### Records for this task
━━━

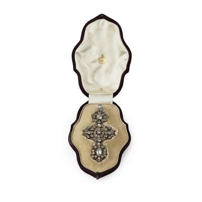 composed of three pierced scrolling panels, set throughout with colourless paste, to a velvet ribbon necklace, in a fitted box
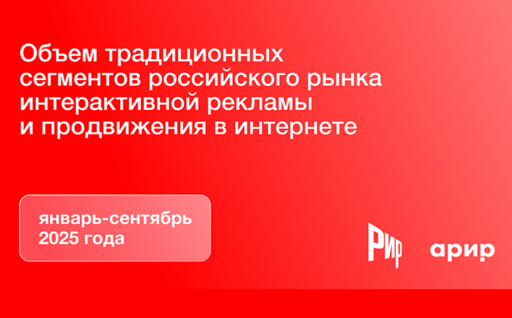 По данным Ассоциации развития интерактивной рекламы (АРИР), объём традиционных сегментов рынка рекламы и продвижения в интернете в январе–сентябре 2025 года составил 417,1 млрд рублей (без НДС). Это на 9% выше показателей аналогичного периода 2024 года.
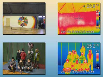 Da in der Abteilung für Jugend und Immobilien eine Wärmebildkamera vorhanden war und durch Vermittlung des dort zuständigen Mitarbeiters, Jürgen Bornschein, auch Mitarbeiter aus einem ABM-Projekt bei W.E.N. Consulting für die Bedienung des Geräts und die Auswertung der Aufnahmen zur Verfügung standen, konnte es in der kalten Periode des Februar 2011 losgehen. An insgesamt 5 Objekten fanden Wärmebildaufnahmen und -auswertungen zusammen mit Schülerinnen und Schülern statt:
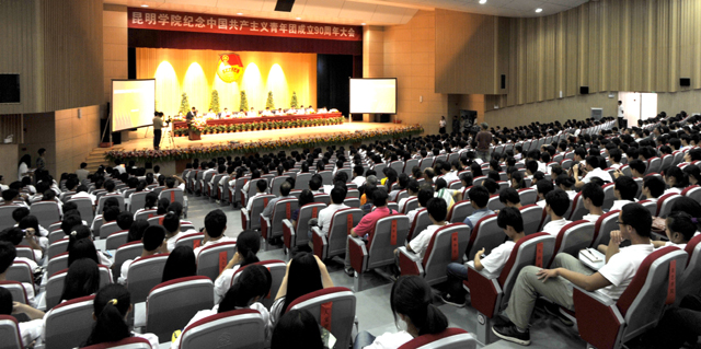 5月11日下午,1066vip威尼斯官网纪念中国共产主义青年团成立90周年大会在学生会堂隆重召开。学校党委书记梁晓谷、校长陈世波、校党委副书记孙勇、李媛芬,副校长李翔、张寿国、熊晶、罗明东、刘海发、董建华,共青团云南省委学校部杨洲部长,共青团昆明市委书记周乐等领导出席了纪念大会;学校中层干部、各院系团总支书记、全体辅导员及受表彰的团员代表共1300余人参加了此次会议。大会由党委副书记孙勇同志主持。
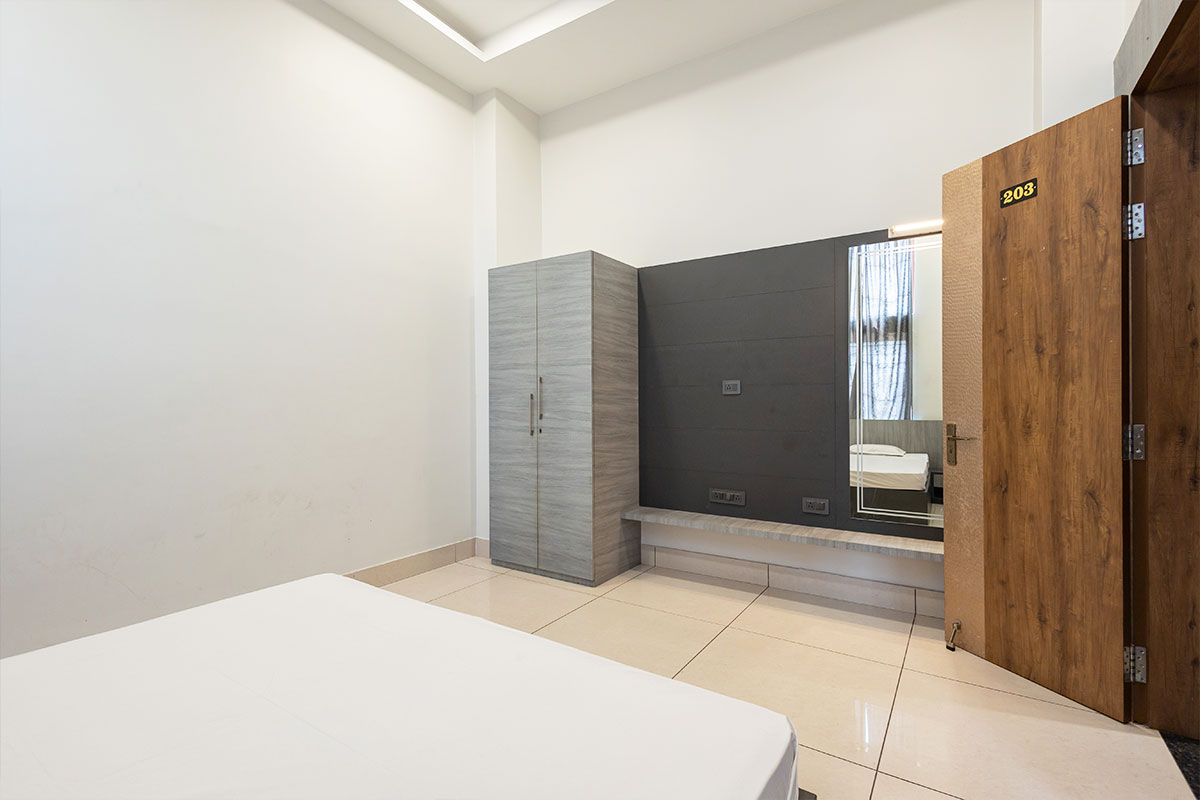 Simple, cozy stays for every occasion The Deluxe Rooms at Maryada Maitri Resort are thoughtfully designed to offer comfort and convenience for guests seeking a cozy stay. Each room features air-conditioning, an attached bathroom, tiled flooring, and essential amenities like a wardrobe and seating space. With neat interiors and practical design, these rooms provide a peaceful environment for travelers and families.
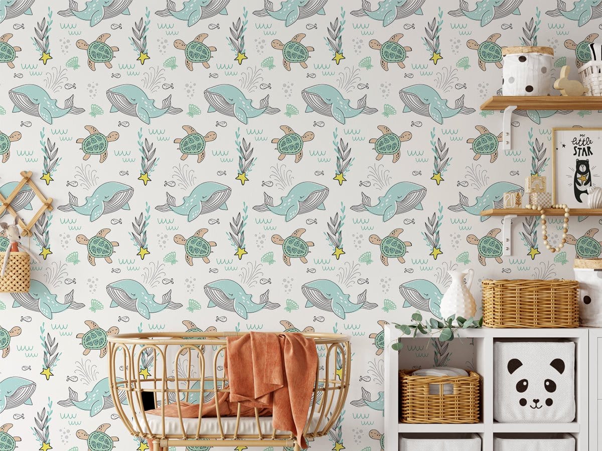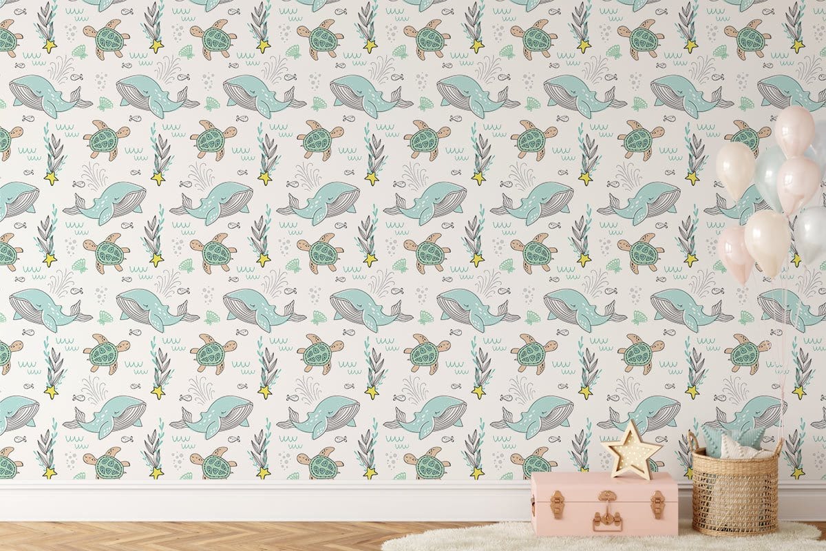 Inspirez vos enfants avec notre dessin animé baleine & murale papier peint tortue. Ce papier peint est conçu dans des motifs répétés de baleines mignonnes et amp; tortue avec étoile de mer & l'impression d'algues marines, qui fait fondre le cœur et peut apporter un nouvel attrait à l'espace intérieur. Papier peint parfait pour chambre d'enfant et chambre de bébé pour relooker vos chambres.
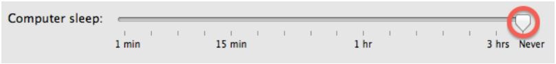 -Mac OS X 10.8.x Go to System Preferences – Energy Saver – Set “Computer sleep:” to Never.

━━━

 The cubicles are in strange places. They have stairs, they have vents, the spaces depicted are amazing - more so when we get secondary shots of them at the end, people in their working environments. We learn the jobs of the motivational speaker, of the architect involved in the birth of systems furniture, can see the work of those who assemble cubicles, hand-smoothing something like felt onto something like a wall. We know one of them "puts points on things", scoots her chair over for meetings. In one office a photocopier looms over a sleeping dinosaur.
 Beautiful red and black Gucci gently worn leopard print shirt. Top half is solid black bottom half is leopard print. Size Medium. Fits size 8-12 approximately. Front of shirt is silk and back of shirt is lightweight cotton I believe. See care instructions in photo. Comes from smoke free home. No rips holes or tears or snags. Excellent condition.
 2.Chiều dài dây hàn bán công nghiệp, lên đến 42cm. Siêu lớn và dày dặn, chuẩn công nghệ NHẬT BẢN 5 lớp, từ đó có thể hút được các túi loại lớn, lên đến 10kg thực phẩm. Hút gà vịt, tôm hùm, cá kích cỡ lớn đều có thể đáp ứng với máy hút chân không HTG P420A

━━━

### Exercise details
Using the listing above, reproduce word for word every line from the one containing "По данным Ассоциации" through the one containing "Simple, cozy stays". Pictures must be left out.

### Solution
 По данным Ассоциации развития интерактивной рекламы (АРИР), объём традиционных сегментов рынка рекламы и продвижения в интернете в январе–сентябре 2025 года составил 417,1 млрд рублей (без НДС). Это на 9% выше показателей аналогичного периода 2024 года.
 Da in der Abteilung für Jugend und Immobilien eine Wärmebildkamera vorhanden war und durch Vermittlung des dort zuständigen Mitarbeiters, Jürgen Bornschein, auch Mitarbeiter aus einem ABM-Projekt bei W.E.N. Consulting für die Bedienung des Geräts und die Auswertung der Aufnahmen zur Verfügung standen, konnte es in der kalten Periode des Februar 2011 losgehen. An insgesamt 5 Objekten fanden Wärmebildaufnahmen und -auswertungen zusammen mit Schülerinnen und Schülern statt:
 5月11日下午,1066vip威尼斯官网纪念中国共产主义青年团成立90周年大会在学生会堂隆重召开。学校党委书记梁晓谷、校长陈世波、校党委副书记孙勇、李媛芬,副校长李翔、张寿国、熊晶、罗明东、刘海发、董建华,共青团云南省委学校部杨洲部长,共青团昆明市委书记周乐等领导出席了纪念大会;学校中层干部、各院系团总支书记、全体辅导员及受表彰的团员代表共1300余人参加了此次会议。大会由党委副书记孙勇同志主持。
 Simple, cozy stays for every occasion The Deluxe Rooms at Maryada Maitri Resort are thoughtfully designed to offer comfort and convenience for guests seeking a cozy stay. Each room features air-conditioning, an attached bathroom, tiled flooring, and essential amenities like a wardrobe and seating space. With neat interiors and practical design, these rooms provide a peaceful environment for travelers and families.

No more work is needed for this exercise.